D’après Rachel-Flore Pardo, qui est avocate experte en cyberharcèlement ainsi que dans les violences sexistes et sexuelles, le système judiciaire devrait examiner s’il existe une « complicité, d’une certaine manière, de la part des plateformes ».
« En théorie, la législation française couvre suffisamment le phénomène des deepfakes [trucages numériques créés par intelligence artificielle] depuis l’intégration de nouvelles mesures en mai 2024 [article 226-8-1], ciblant spécifiquement les montages à caractère sexuel. Cependant, le véritable obstacle réside dans l’application effective de ces lois », a déclaré le lundi 10 février sur 42mag.fr Rachel-Flore Pardo, avocate inscrite au barreau de Paris, experte en cyberharcèlement et violences sexistes et sexuelles, en marge du Sommet de l’intelligence artificielle à Paris.

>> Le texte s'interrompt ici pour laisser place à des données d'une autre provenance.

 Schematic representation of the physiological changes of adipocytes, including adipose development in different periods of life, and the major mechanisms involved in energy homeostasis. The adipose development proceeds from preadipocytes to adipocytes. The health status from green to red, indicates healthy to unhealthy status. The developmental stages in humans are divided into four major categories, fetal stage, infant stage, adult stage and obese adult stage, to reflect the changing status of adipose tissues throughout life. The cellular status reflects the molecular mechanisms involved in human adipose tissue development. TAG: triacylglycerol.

Cette législation, connue sous le nom de SREN (Sécuriser et Réguler l’Espace Numérique), a été officialisée le 21 mai 2024. Rachel-Flore Pardo, qui prête assistance aux victimes lors de leurs dépôts de plainte ainsi que pour le retrait des contenus incriminés, regrette que « le domaine en ligne ressemble à une zone de non-droit, un espace où la mise en œuvre des lois reste inopérante, permettant ainsi la prolifération d’actes délictueux en toute impunité. »
Ce qui est interdit en dehors d’internet l’est aussi en ligne
Le phénomène des deepfakes illustre les dérives possibles de l’innovation en intelligence artificielle. Il s’agit d’une méthode de création multimédia qui fusionne des séquences vidéo ou audio. Ces deepfakes se multiplient, avec les femmes comme principales cibles. « Plusieurs plaintes sont actuellement en cours d’instruction », souligne l’avocate.

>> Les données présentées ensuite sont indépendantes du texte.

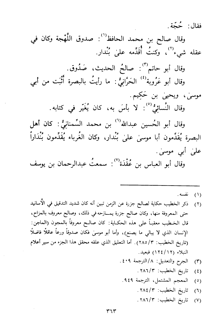 (2) ذكر الخطيب حكاية لصالح جزرة عن الزمن تبين أنه كان شديد التدقيق في الأسانيد حتى المعرفة منها، وكان صالح جزرة يمازحه في ذلك، وصالح معروف بالمزاح، قال الخطيب معقبا على هذه الحكاية: كان صالح معروفا بالمجون (الماجن: الانسان الذي لا يبالي ما يصنع) ، وأما أبو موسى فكان صدوقا ورعا عاقلا فاضلا (تاريخ الخطيب: 3 / 285) . أما التعليق الذي علقه محقق هذا الجزء من سير أعلام النبلاء (12 / 124) فبعيد.

L’Union européenne applique aujourd’hui le règlement Digital Services Act (DSA) dans le but de réduire la propagation de contenus illicites et de garantir une transparence accrue entre les plateformes numériques et leurs utilisateurs. « L’objectif tant de la France que de l’Union européenne, à travers le Digital Services Act, est de s’assurer que tout ce qui est proscrit hors ligne le soit également en ligne », explique Rachel-Flore Pardo.
« Examiner la responsabilité pénale des plateformes »
Néanmoins, l’enjeu consiste à assurer l’exécution des lois et règlements. « Diverses enquêtes sont en cours par la Commission européenne visant certaines grandes entreprises numériques. En France, il est crucial d’examiner la responsabilité pénale de ces plateformes », affirme Rachel-Flore Pardo. Elle insiste sur le besoin d’une justice examinant la « possible complicité des plateformes, particulièrement lorsqu’elles ont connaissance des actes illégaux diffusés via elles sans prendre les mesures nécessaires ».
Le 24 août dernier, Pavel Durov, le dirigeant franco-russe de Telegram, a été interpellé à l’aéroport du Bourget. Le milliardaire a été mis en examen pour la diffusion de contenus illégaux sur sa plateforme de messagerie.